- Exercise prompt -
How many of the lines below have the word "trees" in them? The answer is that number and nothing more.

(Record excerpts begins)

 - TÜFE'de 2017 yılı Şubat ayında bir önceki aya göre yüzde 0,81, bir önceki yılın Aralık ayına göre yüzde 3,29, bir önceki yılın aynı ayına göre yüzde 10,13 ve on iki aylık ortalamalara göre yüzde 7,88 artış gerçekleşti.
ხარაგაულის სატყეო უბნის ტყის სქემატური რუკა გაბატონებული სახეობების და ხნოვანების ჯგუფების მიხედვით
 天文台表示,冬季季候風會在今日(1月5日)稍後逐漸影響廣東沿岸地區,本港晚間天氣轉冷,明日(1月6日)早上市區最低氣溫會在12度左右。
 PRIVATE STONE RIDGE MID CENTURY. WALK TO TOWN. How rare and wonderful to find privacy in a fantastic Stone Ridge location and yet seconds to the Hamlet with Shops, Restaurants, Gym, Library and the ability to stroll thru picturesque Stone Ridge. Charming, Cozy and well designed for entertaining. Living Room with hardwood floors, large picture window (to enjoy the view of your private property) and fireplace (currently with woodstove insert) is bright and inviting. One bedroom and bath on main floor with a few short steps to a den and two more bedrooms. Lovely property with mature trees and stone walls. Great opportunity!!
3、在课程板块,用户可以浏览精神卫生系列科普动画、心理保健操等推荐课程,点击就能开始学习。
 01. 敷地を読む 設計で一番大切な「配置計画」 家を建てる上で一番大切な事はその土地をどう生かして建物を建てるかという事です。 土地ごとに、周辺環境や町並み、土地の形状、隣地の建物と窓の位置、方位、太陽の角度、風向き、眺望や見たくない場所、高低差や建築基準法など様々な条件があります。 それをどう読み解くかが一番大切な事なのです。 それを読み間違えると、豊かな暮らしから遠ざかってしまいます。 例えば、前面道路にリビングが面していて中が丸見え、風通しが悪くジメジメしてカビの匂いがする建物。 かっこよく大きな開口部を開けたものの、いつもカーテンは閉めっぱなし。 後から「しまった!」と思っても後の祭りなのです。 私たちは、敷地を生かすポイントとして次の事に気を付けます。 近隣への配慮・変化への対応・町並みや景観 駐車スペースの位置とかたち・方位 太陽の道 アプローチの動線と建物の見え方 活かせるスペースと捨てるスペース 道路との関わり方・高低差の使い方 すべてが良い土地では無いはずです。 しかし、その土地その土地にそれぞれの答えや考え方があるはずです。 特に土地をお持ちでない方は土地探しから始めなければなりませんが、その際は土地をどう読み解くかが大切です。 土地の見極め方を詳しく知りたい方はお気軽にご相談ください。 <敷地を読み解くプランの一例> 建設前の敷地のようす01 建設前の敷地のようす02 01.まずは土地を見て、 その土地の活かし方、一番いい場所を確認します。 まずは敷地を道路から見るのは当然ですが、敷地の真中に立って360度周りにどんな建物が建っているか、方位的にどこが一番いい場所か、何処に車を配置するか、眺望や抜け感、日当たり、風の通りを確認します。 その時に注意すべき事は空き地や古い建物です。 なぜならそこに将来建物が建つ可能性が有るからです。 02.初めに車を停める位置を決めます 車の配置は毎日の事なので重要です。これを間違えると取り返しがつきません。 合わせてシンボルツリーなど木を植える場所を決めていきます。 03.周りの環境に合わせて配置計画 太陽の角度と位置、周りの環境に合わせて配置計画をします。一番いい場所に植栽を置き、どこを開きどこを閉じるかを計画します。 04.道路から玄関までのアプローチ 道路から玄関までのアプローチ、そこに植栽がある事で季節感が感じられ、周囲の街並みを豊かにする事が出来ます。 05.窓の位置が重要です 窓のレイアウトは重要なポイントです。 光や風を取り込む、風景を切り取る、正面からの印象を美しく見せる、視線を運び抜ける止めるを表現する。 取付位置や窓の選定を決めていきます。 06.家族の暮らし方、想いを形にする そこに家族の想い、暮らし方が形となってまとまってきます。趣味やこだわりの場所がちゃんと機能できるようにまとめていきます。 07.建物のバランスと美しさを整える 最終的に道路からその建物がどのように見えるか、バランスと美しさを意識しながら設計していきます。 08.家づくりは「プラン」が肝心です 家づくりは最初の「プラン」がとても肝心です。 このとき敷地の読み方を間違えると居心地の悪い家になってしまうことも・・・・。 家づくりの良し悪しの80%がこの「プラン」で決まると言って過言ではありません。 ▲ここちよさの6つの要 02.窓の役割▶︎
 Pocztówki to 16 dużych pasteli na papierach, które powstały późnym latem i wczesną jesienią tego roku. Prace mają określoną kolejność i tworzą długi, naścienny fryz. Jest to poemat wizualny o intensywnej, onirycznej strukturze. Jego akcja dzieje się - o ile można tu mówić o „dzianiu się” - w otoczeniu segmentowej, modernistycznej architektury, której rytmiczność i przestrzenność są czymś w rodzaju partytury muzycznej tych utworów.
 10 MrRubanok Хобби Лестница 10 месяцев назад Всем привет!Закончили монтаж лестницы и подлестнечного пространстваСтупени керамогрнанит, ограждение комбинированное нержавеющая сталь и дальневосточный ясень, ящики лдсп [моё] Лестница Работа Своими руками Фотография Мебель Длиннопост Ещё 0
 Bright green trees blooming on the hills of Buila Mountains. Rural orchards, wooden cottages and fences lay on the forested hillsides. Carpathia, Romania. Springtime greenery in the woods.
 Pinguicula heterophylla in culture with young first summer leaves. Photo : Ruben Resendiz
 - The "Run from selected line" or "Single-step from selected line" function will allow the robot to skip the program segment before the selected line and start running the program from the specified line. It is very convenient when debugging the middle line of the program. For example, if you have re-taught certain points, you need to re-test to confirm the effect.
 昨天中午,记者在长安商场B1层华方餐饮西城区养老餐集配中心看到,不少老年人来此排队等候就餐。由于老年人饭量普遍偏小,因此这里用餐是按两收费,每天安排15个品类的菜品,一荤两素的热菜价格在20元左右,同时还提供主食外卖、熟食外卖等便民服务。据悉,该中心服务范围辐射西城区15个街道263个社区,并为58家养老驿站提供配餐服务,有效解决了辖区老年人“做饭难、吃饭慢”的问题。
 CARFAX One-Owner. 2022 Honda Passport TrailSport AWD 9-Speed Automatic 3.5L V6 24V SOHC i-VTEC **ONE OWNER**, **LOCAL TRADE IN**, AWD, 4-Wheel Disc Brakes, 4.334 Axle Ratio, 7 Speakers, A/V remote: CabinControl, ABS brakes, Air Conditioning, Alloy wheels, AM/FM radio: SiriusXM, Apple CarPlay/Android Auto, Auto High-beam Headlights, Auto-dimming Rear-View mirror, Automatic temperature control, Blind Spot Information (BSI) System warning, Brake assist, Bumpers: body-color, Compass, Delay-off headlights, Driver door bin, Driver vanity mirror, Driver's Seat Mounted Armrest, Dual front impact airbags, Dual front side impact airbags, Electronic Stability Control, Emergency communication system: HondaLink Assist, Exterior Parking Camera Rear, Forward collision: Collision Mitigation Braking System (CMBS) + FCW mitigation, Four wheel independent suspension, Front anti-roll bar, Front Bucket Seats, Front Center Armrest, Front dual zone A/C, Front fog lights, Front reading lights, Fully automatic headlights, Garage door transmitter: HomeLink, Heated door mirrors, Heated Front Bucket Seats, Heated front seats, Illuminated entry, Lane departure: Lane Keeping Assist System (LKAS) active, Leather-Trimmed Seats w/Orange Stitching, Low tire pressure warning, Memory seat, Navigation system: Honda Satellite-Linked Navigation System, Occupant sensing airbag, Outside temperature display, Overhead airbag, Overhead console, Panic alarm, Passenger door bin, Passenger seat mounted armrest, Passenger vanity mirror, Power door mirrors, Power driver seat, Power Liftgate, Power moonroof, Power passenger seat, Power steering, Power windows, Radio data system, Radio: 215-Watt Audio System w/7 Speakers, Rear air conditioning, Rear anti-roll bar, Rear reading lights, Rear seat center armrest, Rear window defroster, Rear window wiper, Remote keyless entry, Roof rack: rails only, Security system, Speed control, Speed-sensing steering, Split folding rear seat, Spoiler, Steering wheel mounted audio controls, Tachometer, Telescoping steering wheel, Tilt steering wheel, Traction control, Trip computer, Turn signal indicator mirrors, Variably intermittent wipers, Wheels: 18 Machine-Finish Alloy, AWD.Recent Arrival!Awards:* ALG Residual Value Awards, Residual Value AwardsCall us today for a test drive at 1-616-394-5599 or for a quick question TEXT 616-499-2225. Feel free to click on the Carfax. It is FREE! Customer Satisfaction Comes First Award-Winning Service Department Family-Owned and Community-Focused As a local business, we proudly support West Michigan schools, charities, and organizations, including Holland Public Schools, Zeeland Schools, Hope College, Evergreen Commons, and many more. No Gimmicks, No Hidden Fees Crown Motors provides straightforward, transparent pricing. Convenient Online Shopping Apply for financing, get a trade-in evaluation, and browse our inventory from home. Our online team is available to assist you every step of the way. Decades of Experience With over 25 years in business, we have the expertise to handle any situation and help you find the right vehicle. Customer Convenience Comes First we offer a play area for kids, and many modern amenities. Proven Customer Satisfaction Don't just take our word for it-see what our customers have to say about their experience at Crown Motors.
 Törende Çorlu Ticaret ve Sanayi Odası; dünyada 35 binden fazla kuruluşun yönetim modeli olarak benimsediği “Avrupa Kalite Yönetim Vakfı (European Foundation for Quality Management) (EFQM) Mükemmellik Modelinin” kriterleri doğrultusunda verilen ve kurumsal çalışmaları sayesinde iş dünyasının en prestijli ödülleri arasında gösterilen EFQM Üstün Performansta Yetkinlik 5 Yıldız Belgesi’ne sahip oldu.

(Record excerpts ends)

- Answer box -
2